Adam Ramsaran, The Hospital for Sick Children
Winner of the Marlene Reimer Brain Star of the Year Award, as the number one ranked winner of 2023
Scientific publication
Ramsaran AI, Wang Y, Golbabaei A, Aleshin S, De Snoo ML, Yeung BA, Rashid AJ, Awasthi A, Lau J, Tran LM, Ko SY, Abegg A, Duan LC, McKenzie C, Gallucci J, Ahmed M, Kaushik R, Dityatev A, Josselyn SA, & Frankland PW. (2023). A shift in the mechanisms controlling hippocampal engram formation during brain maturation. Science, 380(6644), 543-551.
Mechanisms controlling memory formation shift as the juvenile brain matures.
The capacity for episodic memory (memories for personally experienced events, including their setting, or context) develops during childhood. It is thought that the development of episodic memory in human children, and episodic-like memory in animals, reflects the functional maturation of the hippocampus, which is a critical structure in the brain’s episodic memory network. Yet, the neurobiological mechanisms of episodic-like memory development in the hippocampus have largely remained unstudied. In this study, Adam Ramsaran and colleagues found that, in mice, episodic-like memory (i.e., remembering not only what happened, but where it happened) develops between postnatal days 20 and 24, caused by several age-dependent cellular and molecular changes that affect how memories are represented in the hippocampus.

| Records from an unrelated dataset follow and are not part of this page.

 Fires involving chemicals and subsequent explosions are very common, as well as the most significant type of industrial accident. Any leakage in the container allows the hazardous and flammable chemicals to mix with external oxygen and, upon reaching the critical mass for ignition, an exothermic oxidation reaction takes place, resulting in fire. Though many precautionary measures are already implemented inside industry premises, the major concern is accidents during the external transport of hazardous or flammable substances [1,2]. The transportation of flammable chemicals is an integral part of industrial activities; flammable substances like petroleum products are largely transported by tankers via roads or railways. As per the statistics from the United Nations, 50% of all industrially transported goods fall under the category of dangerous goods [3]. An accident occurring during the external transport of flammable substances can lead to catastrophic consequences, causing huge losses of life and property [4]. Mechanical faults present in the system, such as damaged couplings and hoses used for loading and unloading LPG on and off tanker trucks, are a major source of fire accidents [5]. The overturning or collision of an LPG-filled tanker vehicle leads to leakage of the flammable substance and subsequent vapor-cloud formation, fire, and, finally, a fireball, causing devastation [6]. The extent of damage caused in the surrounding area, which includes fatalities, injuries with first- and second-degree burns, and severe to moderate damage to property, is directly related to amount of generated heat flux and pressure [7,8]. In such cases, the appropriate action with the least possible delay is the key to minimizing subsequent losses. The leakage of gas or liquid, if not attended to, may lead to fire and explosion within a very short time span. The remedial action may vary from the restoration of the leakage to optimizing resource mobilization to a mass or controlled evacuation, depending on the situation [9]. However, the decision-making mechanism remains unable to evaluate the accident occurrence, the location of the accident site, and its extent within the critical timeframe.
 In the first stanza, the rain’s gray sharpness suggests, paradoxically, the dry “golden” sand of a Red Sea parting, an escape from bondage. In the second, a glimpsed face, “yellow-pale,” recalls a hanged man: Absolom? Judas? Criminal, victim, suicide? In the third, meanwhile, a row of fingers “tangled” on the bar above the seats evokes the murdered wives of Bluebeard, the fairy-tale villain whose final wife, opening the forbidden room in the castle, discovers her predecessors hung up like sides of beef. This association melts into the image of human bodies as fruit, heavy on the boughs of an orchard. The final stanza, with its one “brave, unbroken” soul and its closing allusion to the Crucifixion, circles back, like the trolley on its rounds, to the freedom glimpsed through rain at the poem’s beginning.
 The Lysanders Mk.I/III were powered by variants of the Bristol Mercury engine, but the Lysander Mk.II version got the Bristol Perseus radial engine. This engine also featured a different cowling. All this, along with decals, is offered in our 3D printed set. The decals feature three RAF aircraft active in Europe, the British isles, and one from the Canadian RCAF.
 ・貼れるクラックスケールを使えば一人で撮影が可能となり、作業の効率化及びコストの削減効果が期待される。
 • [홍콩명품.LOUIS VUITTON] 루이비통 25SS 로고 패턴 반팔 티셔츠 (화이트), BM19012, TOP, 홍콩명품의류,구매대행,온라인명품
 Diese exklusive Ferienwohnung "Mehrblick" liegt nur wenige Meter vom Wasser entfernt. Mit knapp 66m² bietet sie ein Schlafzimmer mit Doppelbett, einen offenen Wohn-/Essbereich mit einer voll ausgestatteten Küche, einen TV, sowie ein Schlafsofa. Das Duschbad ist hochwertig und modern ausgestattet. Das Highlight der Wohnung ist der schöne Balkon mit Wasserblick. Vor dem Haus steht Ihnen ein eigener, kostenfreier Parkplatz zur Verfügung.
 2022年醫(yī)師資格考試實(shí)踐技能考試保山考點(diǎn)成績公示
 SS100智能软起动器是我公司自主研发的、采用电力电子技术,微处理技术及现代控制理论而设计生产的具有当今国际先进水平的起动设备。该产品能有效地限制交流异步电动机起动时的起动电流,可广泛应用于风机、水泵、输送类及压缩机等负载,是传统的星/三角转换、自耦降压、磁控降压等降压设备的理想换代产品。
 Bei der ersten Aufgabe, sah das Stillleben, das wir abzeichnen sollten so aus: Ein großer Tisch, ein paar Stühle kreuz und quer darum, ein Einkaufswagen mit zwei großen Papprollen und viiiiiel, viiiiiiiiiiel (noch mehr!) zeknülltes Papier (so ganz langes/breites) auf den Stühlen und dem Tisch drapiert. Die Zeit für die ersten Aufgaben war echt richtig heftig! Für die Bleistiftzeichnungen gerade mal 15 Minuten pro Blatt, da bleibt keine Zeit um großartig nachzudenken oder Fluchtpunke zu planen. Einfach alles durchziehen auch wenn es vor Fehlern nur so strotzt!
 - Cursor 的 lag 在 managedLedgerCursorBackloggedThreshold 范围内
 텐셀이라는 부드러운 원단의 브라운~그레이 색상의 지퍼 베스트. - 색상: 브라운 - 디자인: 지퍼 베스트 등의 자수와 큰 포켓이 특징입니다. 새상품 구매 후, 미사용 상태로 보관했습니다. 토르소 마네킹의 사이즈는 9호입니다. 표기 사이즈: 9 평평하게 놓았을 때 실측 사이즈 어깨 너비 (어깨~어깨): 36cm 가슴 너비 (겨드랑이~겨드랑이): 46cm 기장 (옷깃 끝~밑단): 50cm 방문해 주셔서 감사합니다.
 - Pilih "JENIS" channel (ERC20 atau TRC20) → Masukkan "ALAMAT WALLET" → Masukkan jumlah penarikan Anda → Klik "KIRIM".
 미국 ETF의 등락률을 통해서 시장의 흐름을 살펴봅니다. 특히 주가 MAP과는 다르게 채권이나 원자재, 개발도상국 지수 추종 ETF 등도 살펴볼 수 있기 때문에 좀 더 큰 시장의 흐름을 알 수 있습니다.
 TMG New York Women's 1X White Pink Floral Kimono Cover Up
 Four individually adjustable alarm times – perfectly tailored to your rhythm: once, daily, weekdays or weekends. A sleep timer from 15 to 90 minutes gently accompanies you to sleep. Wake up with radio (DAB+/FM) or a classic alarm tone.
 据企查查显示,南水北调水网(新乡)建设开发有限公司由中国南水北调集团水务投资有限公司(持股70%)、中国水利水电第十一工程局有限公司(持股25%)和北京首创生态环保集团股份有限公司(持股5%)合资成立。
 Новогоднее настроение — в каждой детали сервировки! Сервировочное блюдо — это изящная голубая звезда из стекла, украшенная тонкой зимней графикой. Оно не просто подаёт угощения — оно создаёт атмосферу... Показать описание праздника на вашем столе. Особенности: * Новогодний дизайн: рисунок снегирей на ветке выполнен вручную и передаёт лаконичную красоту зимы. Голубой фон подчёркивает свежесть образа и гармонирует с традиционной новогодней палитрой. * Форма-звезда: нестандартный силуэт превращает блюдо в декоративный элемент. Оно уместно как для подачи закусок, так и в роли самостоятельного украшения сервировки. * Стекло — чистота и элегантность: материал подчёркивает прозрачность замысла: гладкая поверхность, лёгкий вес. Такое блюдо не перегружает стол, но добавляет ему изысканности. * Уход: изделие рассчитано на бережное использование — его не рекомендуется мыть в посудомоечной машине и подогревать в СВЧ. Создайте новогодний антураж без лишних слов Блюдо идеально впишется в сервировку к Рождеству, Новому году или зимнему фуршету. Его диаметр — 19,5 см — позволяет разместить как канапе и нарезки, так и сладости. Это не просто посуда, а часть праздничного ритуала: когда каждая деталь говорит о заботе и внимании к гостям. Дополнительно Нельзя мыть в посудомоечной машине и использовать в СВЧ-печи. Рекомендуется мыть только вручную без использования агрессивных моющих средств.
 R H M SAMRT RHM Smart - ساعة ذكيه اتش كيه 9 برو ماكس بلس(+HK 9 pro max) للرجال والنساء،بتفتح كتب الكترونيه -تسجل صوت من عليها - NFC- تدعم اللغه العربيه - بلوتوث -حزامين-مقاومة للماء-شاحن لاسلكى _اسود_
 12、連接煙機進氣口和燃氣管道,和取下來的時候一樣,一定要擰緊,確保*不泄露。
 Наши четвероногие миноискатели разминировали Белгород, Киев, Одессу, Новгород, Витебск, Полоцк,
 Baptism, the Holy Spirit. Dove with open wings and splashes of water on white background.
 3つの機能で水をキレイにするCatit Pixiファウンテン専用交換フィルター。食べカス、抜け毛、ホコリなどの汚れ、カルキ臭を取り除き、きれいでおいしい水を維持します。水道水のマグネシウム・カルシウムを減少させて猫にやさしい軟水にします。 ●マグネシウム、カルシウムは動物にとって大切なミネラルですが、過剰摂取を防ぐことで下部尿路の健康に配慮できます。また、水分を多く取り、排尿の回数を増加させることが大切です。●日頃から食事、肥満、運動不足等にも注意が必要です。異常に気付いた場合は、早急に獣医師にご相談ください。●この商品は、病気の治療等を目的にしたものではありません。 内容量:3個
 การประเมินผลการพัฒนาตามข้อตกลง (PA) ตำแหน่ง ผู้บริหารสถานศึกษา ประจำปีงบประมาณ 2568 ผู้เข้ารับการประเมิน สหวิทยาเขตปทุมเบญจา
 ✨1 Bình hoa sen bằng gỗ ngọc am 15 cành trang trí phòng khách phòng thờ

An engram is physical trace of a memory localized in the brain, typically referring to a specific population of neurons, or neuronal ensemble, that encodes a given memory. Consistent with previous research, Ramsaran found that episodic-like memories in older (>P24) mice were encoded by sparse engram neuronal ensembles in the CA1 region of the hippocampus, whereas spatially imprecise pre-episodic memories in younger mice were encoded by dense engrams. They demonstrated that this shift in hippocampal engram formation is supported by the maturation of extracellular perineuronal nets around inhibitory parvalbumin-expressing interneurons. That is, they could reinstate dense engram and spatially-imprecise memory formation in adult mice by inhibiting the activity of parvalbumin interneurons or interfering with perineuronal net stability in CA1. Moreover, they could cause early emergence of sparse engram and episodic-like memory formation in younger mice by accelerating the maturation of perineuronal nets around interneurons in CA1.
The publication identifies several novel phenomena related to the development of memory.
First, although it was believed that the development of episodic and episodic-like memory reflected the onset of hippocampal memory function, this study demonstrated that hippocampal memory function precedes the development of episodic-like memory. In other words, the immature hippocampus supports various types of memory in early life and does not “come online” to support episodic-like memory, as was previously believed.
Second, this study is the first to identify age-dependent differences in the way memory engrams are formed in the brain. They identified cellular and molecular mechanisms underlying these differences, which may be targeted to potentially reverse episodic-like memory impairments in animals affected by aging or neurodevelopmental disorders.
Third, the researchers identified a developmental rise in inhibition as a key driver of episodic-like memory development. This rise in inhibition is supported by maturation of hippocampal perineuronal nets in the extracellular matrix. Perineuronal net maturation in the brain cortex is known to drive developmental changes in sensation and perception. Therefore, similar neurobiological mechanisms are responsible for the development of memory and sensory systems. Maturation of the extracellular matrix and circuit inhibition may be a brain-wide mechanisms for brain and behavioral development.
About Adam Ramsaran
Adam Ramsaran performed this research as part of his PhD thesis in the laboratory of Paul Frankland at the Hospital for Sick Children, Associated with the University of Toronto. As first author of this publication, he developed the ideas for the study, designed and performed most experiments, analyzed data, generated illustrations, and wrote the paper. Supervisors and collaborators from the Sheena Josselyn (Hospital for Sick Children) and Alexander Dityatev (Otto von Guericke University, Germany) labs were involved in most stages of the study. Many co-authors are undergraduate and master’s student trainees under his supervision, who made publication-quality contributions to the study.
Sources of funding
This study was funded by Brain Canada, the Canadian Institutes of Health Research (CIHR), University of Toronto, SickKids Research Institute, German Research Foundation, German Center for Neurodegenerative Diseases (DZNE), National Institutes of Health (NIH), Natural Sciences and Engineering Research Council of Canada (NSERC), Ontario Graduate Scholarship program, Ontario Trillium Scholarship program and the Vector Institute.